* EXERCISE
Set down the data again word for word. Skip any pictures.

* SOURCE MATERIAL
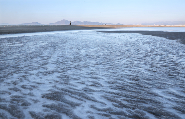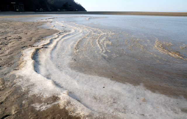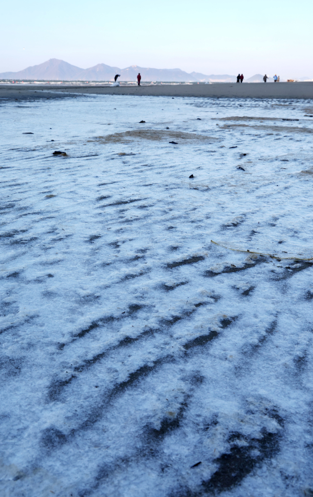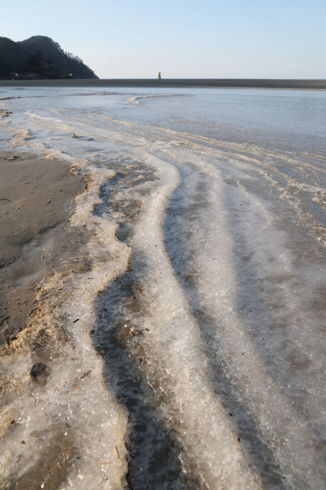 부산의 아침 최저 기온이 영하 8도까지 내려가는 등 전국이 꽁꽁 얼어붙은 8일 오전 부산 사하구 다대포해수욕장에 밀려든 바닷물이 그대로 얼어붙어 강추위를 실감케 하고 있다. 이날 강한 바람마저 불어 체감온도가 영하 10도 아래로 훌쩍 내려가는 매서운 한파가 몰아쳤다.
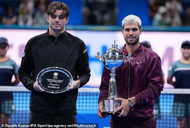 Alcaraz’s achievement is all the more impressive because his campaign in Tokyo was almost over before it started when he suffered an ankle injury early in his opening match, but he went on to drop just one set all week.
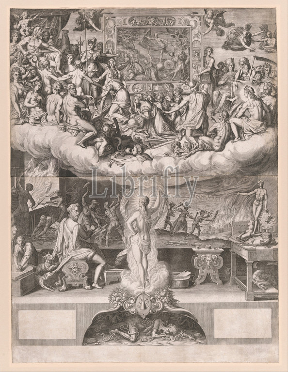 Lament, Art, Painting, 1579, Engraving, two plates printed, sheets, Sheet, upper plate, 14 1/4, 21 1/8, 36.2, 53.7 cm, Prints, Cornelis Cort, Netherlandish, Hoorn ca., 1533–1578, Rome, after Federico Zuccaro, Zuccari, Italian, Sant'Angelo in Vado, 1540/42–1609, Ancona, ambitious allegory, art, painting, highly personal work, generally accepted, print, prompted, criticism, Italian painter, Federico, Zuccaro, endured, finished, decoration, dome, Florence Cathedral, 1574

* COMPLETED TASK
 부산의 아침 최저 기온이 영하 8도까지 내려가는 등 전국이 꽁꽁 얼어붙은 8일 오전 부산 사하구 다대포해수욕장에 밀려든 바닷물이 그대로 얼어붙어 강추위를 실감케 하고 있다. 이날 강한 바람마저 불어 체감온도가 영하 10도 아래로 훌쩍 내려가는 매서운 한파가 몰아쳤다.
 Alcaraz’s achievement is all the more impressive because his campaign in Tokyo was almost over before it started when he suffered an ankle injury early in his opening match, but he went on to drop just one set all week.
 Lament, Art, Painting, 1579, Engraving, two plates printed, sheets, Sheet, upper plate, 14 1/4, 21 1/8, 36.2, 53.7 cm, Prints, Cornelis Cort, Netherlandish, Hoorn ca., 1533–1578, Rome, after Federico Zuccaro, Zuccari, Italian, Sant'Angelo in Vado, 1540/42–1609, Ancona, ambitious allegory, art, painting, highly personal work, generally accepted, print, prompted, criticism, Italian painter, Federico, Zuccaro, endured, finished, decoration, dome, Florence Cathedral, 1574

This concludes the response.